── TASK MATERIAL ──

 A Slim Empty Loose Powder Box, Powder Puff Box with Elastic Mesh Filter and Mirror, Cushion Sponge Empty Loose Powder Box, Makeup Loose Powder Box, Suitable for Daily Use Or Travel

───
── TASK MATERIAL ──

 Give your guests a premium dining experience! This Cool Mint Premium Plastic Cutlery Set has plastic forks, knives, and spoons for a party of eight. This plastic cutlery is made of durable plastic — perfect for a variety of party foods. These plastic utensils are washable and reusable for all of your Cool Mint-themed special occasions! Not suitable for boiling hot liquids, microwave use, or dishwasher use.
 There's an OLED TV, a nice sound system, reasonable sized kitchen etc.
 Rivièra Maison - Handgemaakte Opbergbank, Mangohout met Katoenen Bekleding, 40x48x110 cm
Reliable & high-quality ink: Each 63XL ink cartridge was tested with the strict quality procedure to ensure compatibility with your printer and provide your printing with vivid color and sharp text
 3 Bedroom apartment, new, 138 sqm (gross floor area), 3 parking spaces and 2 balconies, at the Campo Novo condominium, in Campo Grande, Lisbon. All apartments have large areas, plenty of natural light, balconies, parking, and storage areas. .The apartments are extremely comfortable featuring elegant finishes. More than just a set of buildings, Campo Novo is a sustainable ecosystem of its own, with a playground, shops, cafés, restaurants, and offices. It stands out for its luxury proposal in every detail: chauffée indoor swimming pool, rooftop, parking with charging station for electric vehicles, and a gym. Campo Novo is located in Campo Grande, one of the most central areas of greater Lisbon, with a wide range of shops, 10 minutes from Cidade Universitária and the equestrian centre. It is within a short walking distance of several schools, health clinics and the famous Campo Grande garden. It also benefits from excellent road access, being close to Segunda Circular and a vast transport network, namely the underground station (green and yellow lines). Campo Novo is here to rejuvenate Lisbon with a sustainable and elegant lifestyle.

───

TASK BRIEF. Copy out only the lines of the records above from the one with "There's an OLED" through the one with "Reliable & high-quality", exactly as they stand, both included.

PROBLEM SOLUTION.
 There's an OLED TV, a nice sound system, reasonable sized kitchen etc.
 Rivièra Maison - Handgemaakte Opbergbank, Mangohout met Katoenen Bekleding, 40x48x110 cm
Reliable & high-quality ink: Each 63XL ink cartridge was tested with the strict quality procedure to ensure compatibility with your printer and provide your printing with vivid color and sharp text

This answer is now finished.